# [What is expected]
Print, word for word, the line containing "Zum Jubiläum war" and all lines beneath it to the end of the entries below. Pictures do not belong in the copy.

==*==

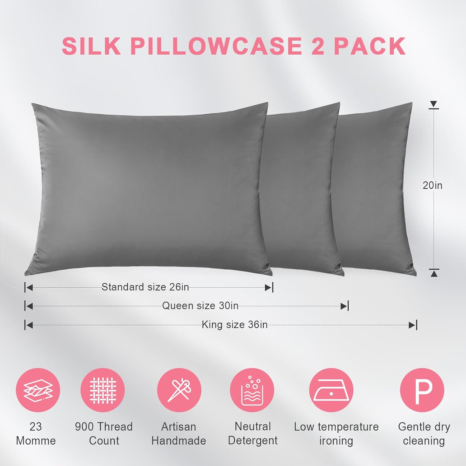 100% Silk Pillowcase 2 Pack for Hair and Skin, Both Sides 23 Momme Grade 6A+ Mulberry Silk Pillowcases with Hidden Zipper, Soft&Smooth Cooling Pillow Cases (Gray, Standard 20×26)
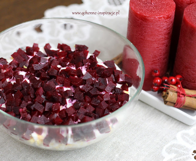 Śledź pod pierzynką z pieczonym burakiem Składniki:
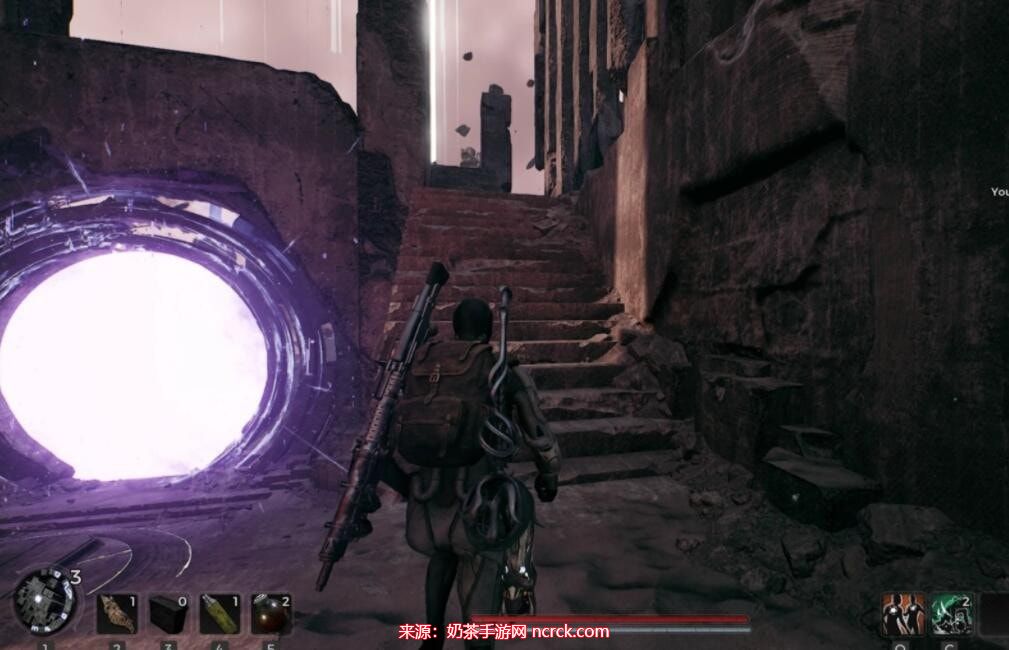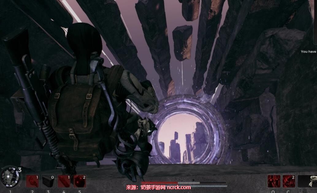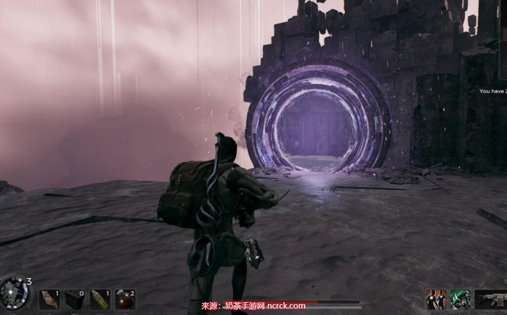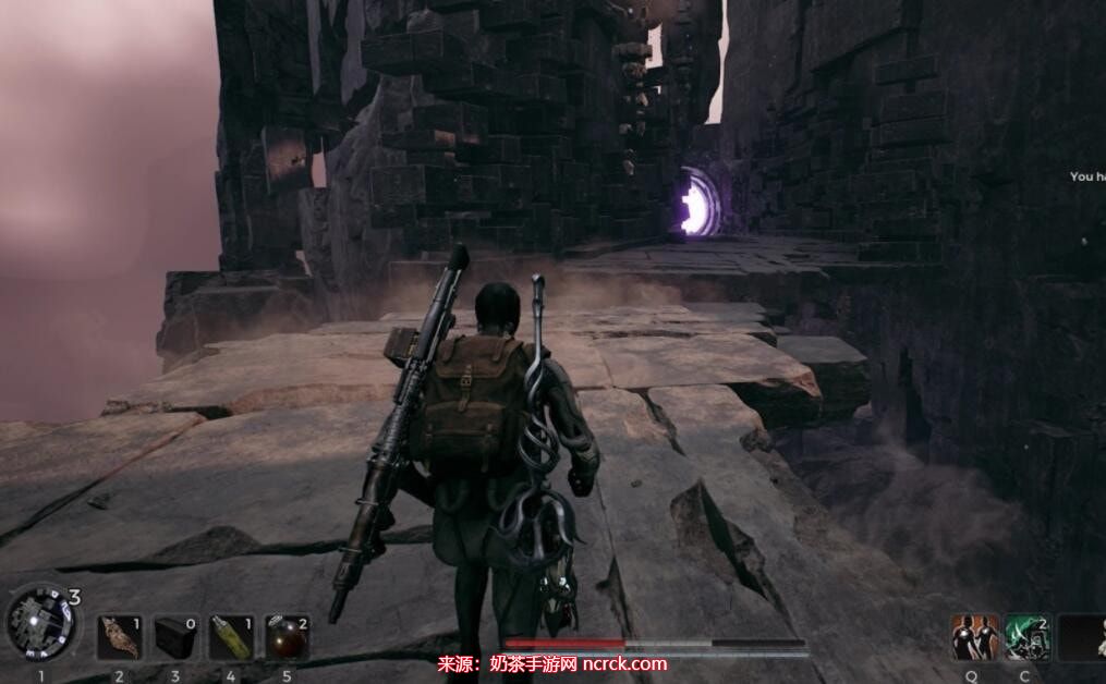 穿过通道后,您会看到一座临时搭建的桥。继续前进,但不要进入您面前的传送门。
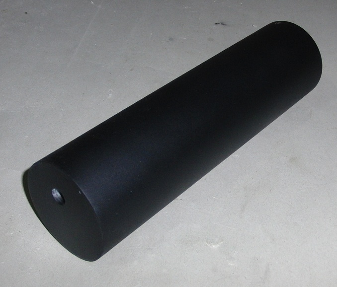 I decided to revisit the idea taking advantage of my improved fabrication facilities, herewith the result. Chopped off part of the plastic barrel sheath and epoxied on a brass sheath with a male 1/2" NF20 thread on the end, then made a 5" long 1" dia carbon fibre suppressor to fit, much smarter now :)
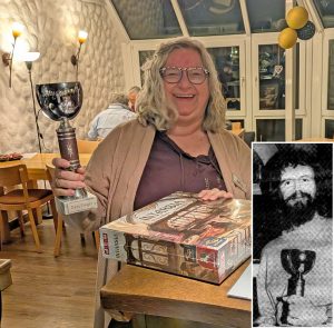 Zum Jubiläum war das Hotel mit Erinnerungen an vergangene Spieletreffs geschmückt. Quizmaster Roy hatte sich spezielle Fragen augedacht, die sich mit der Vergangenheit des Treffs beschäftigten. Und die Gewinnerin unserer beliebten Gästerätsel bekam diesmal neben einem Spiel auch einen historischen Pokal überreicht: Er wurde gestiftet von KMW, der ihn beim zweiten Spieletreff 1986 bei einem Spieleturnier gewonnen hatte.
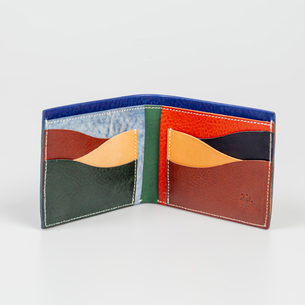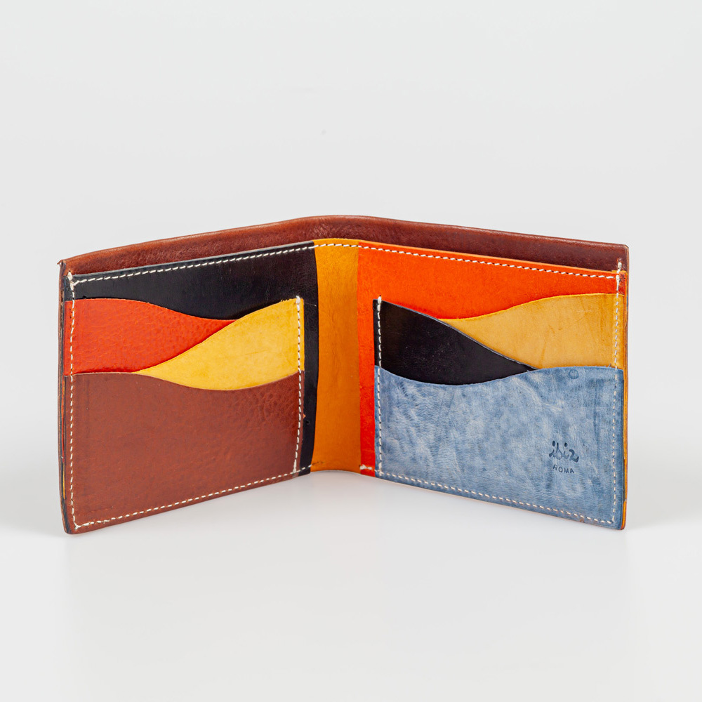 On the outside, a classic wallet, while on the inside, the wavy lines give a touch of originality to the object.
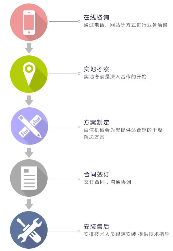 《江洲區食品藥材烘干設備網帶烘干機----百信設備》?合作流程:
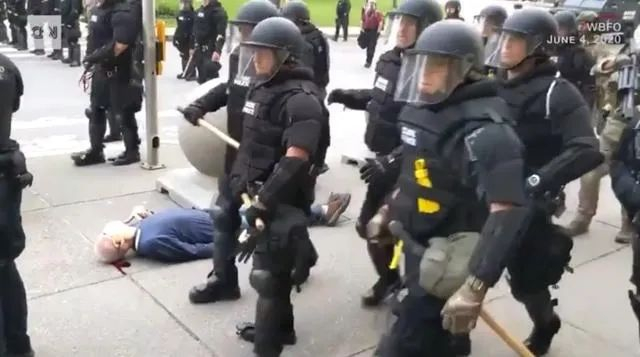 据媒体此前报道,当地时间4日,正是布法罗市宵禁生效前夕。现场目击者提供的一份视频显示,在布法罗市尼亚加拉广场,一名戴着口罩的老人左手拿着头盔、右手拿着手机,走到了列队前进的警察面前试图交谈。当老人接近全副武装的警察时,警察突然大喊:“把他推走!”随后,老人面前的警察一人伸出手、一人伸出警棍把他推倒在人行道上。老人倒下时仰面着地,发出了一声巨响,头部和耳部开始流血。画面显示,警察无视受伤的老人,继续列队前进并阻止阻拦在前的其他抗议者。
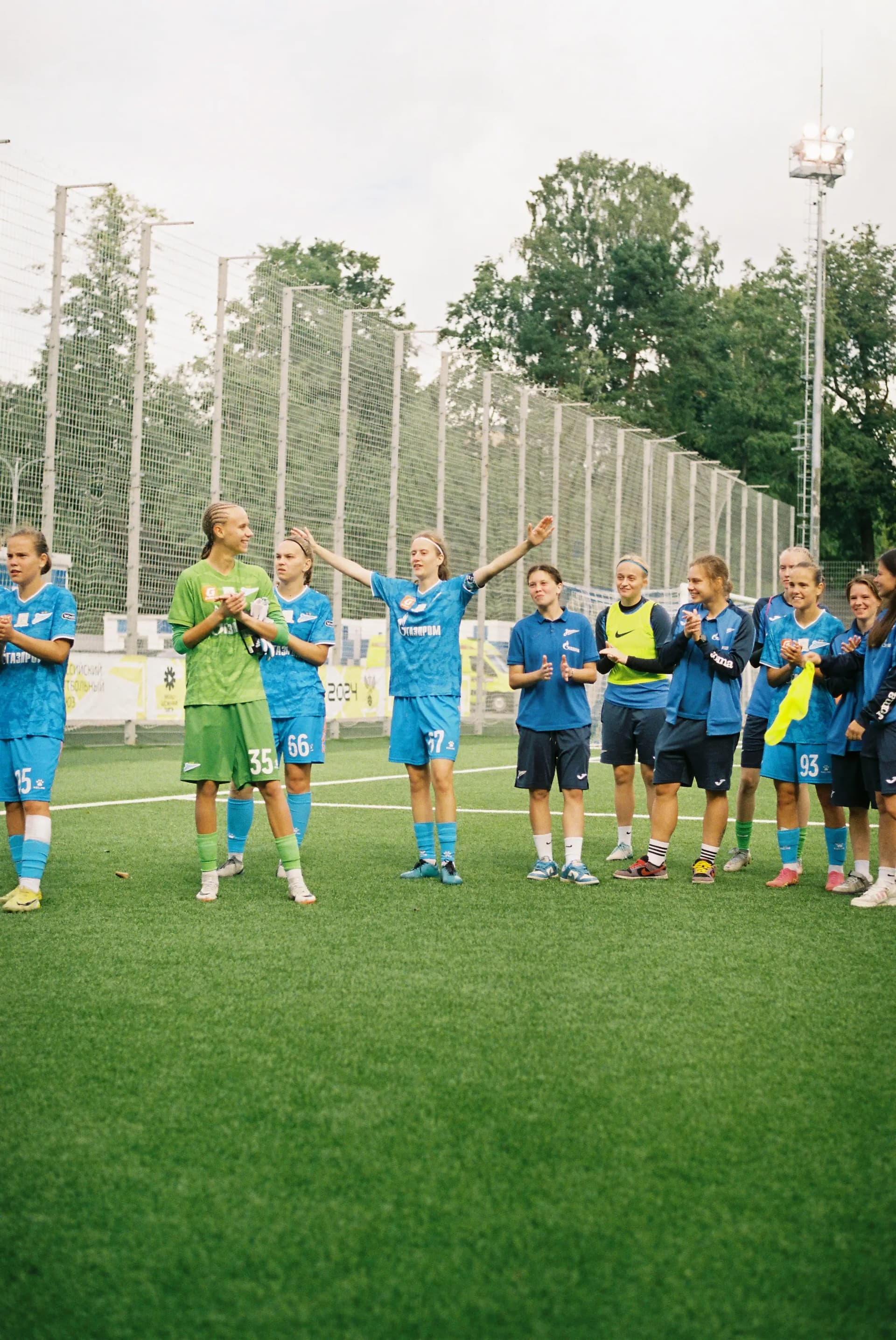 Итоговый счет на табло 3:0, и этим все сказано. После матча девочки из команды «Зенит» поблагодарили каждого болельщика, который пришел. Затем сделали общее фото с активными фанатами — это уже стало традицией.

==*==

# [Solution]
 Zum Jubiläum war das Hotel mit Erinnerungen an vergangene Spieletreffs geschmückt. Quizmaster Roy hatte sich spezielle Fragen augedacht, die sich mit der Vergangenheit des Treffs beschäftigten. Und die Gewinnerin unserer beliebten Gästerätsel bekam diesmal neben einem Spiel auch einen historischen Pokal überreicht: Er wurde gestiftet von KMW, der ihn beim zweiten Spieletreff 1986 bei einem Spieleturnier gewonnen hatte.
 On the outside, a classic wallet, while on the inside, the wavy lines give a touch of originality to the object.
 《江洲區食品藥材烘干設備網帶烘干機----百信設備》?合作流程:
 据媒体此前报道,当地时间4日,正是布法罗市宵禁生效前夕。现场目击者提供的一份视频显示,在布法罗市尼亚加拉广场,一名戴着口罩的老人左手拿着头盔、右手拿着手机,走到了列队前进的警察面前试图交谈。当老人接近全副武装的警察时,警察突然大喊:“把他推走!”随后,老人面前的警察一人伸出手、一人伸出警棍把他推倒在人行道上。老人倒下时仰面着地,发出了一声巨响,头部和耳部开始流血。画面显示,警察无视受伤的老人,继续列队前进并阻止阻拦在前的其他抗议者。
 Итоговый счет на табло 3:0, и этим все сказано. После матча девочки из команды «Зенит» поблагодарили каждого болельщика, который пришел. Затем сделали общее фото с активными фанатами — это уже стало традицией.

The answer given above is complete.